Have you heard how people are using AI to help with their daily choices? They'll ask an app to design their weekly calendar, choose their outfits, or make recipe suggestions for dinner.
Let's say you're in a city you don't know and you want to meet a friend at a restaurant. It's also your friend's birthday, so you'll need to grab a card. And you'll need to take a subway to get there. Oh, and you don't have your phone! 😬 Could AI technology help you complete these tasks?
If you were a 1 mm long nematode worm named Caenorhabditis elegans, then the answer would be yes! Scientists have recently figured out a way to use AI to help the simple C. elegans worm find its way around a maze while reaching specific targets.
The worms are a favorite specimen in the science lab because of their simple nervous system. They only have 302 neurons, and we've pretty much mapped out everything they do inside of the worm's body. Scientists have even genetically engineered C. elegans specimens so that their neurons will respond to different colors of LED light. For example, flashing a blue light might signal that the worm should go forward and a white light might cause it to speed up.
This is how AI is being used to move worms around a maze. There aren't little worms with tiny computers attached to them. Instead, AI was used to control the LED lights that signal to the worms. Scientists would plug a destination into a maze and ask AI to get the worm there. After a learning period, the system would figure out which signal pattern was necessary to move the worm towards its target.
Does that mean that the worms were completely controlled by the technology, like a character in a video game? The answer is no! The worms could override the AI signals if there was an obstacle in the way or some tasty food in its path. This added to the challenge for the AI.

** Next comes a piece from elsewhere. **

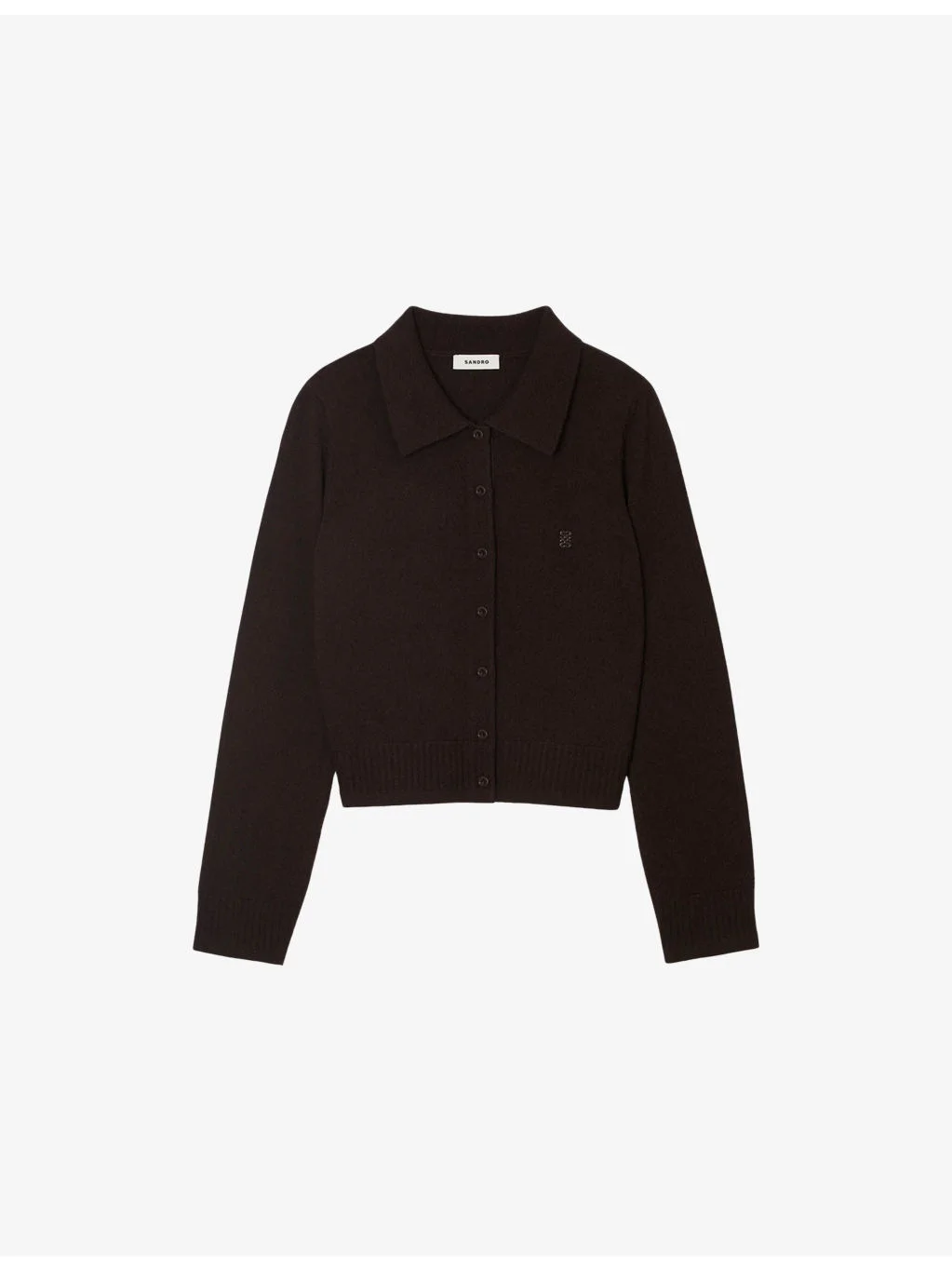 PRODUCT DETAILS - Sandro wool and cashmere cardigan - 90% wool, 10% cashmere - Button fastening - Regular fit, collar, long sleeves, contrast placket, branding to chest, ribbed trims, knitted - Hand wash - True to size - Model is 5ft 9in/1.75m and wears a size small - Lightweight, slight stretch Ref: R04501183

And that's not all. Scientists are trying to figure out how C. elegans can make these complex decisions with only 302 neurons. In comparison, there are Artificial Neural Networks (ANN) with tens of thousands of "neurons" that can't respond to its environment as well as these simple worms can.
Research like this is inspiring a new type of AI called "liquid neural networks" where a system will user fewer "neurons" but respond to environment changes in a way that's a little more natural. This could help technologies like driverless cars react to changes more efficiently.
Will scientists soon be moving on to controlling the behavior of more complex life forms? Who knows! One thing for sure is that the nervous system of mammals is way more complex than a nematode. Here's how certain mammals stack up in total brain neurons and those neurons just in the cerebral cortex, a special part of the brain:
If I brought this graph to the classroom, here are a few questions I might ask my students:
💡A human has more intelligence than an elephant. Can this be explained using only the number of brain neurons?
💡What other information on the graph could help explain why humans have more intelligence than elephants?
💡Paleontologists are trying to learn about the intelligence of dinosaurs by mapping the inside of fossilized skulls. They hope to determine the overall size of the brain. To help the paleontologists, what would you explain about brain size and intelligence based on this graph?
💡Why would it be difficult to include C. elegans on the graph?